Sumergida en el territorio, Julia Padilla pareció crear un estudio al aire libre. Tocar pieles, animales en todos sus estados del ser, materias de diferente índole que no dejaban de superponerse y abrazarse en un juego seductor, sensual, cárnico y carnal, de múltiples capas. En una investigación de los cuerpos que habitan el ecosistema rural y árido, Padilla funde genuinamente en el hacer una hibridación de lo natural, animal y humano. Mientras el cuerpo táctil performaba la fuerza conductiva de los espacios naturales y humanos —fracturando la aún persistente lectura dualista del mundo—, sus dibujos, en pequeño formato, acababan por enredar, traer el color y el mundo fantástico. Unas postales únicas del territorio, que son un trasvase desde lo casual a lo fantástico, haciendo tangibles y visibles las ausencias que conforman los tiempos profundos de estas arcillas y pueblos calchaquíes.

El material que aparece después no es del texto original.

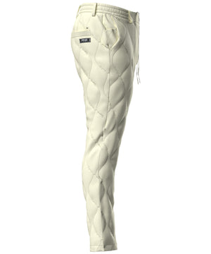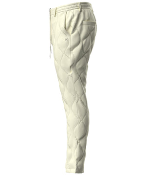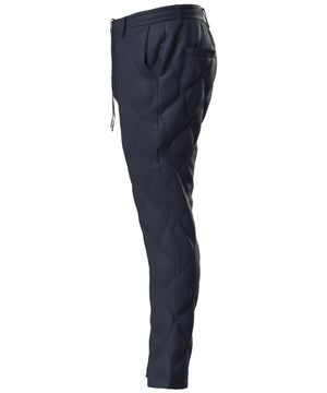 着膨れしにくいトレンド感のあるスッキリシルエットの、全方向ストレッチキルティングタフタテーパードパンツ。

¿Qué hicimos de vuelta? ¿Qué aportamos como invitados al encuentro entre saberes autóctonos?, ¿varias formas de ecología, de museografía, y práctica contemporánea? En lo concreto, una instalación artística; una metodología de encuentros, lápices y colores que parecían obsequios a humanos y más-que-humanos; la activación personal de Sonic Meditation VIII de Pauline Oliveros con las vibrantes rocas de la cantera como instrumentos que ocuparon el aparente vacío de nuestro silencio según caía la noche; un asado entre copleras; y una sesión de cine comunal 1, 2, 3 Cántame piedra sobre los cuentos e historias que los mayores cuentan y nosotros inventamos y soñamos para conectarnos y aprender de los territorios que nos rodean. Merodear, preguntar, dejarse ver y acercarse, porque cuando el territorio es pequeño, las intimidades se cultivan de a poco.

El bautizado “tiempo profundo”, que nos permite nombrar el límite de nuestra capacidad cognitiva para entender los tiempos vivos y muertos, en esencia, la vida misma de la tierra (y la Tierra), se presenta en la vastedad de sus cuerpos geológicos, sus montañas y formaciones rocosas visibles en tierra, así como también bajo tierra y mar. Las vemos, las tocamos, incluso las medimos y estudiamos químicamente y con ello parecen indicarnos estratos geológicos, millones y billones de años que seguimos sin comprender del todo. Eso no limita nuestra capacidad de impresionarnos y deleitarnos contemplando su vastedad, aridez, riqueza sin vida aparente. Sin embargo, sus pozos de nueva materia, donde anidan y su encarnan los tiempos profundos, no son estáticos, acaban por irrumpir en sistemas que se entremezclan con nuestra vida perenne orgánica y presente. Su fuerza viva ha sido compañera de viaje en el encuentro con ecologías comunales.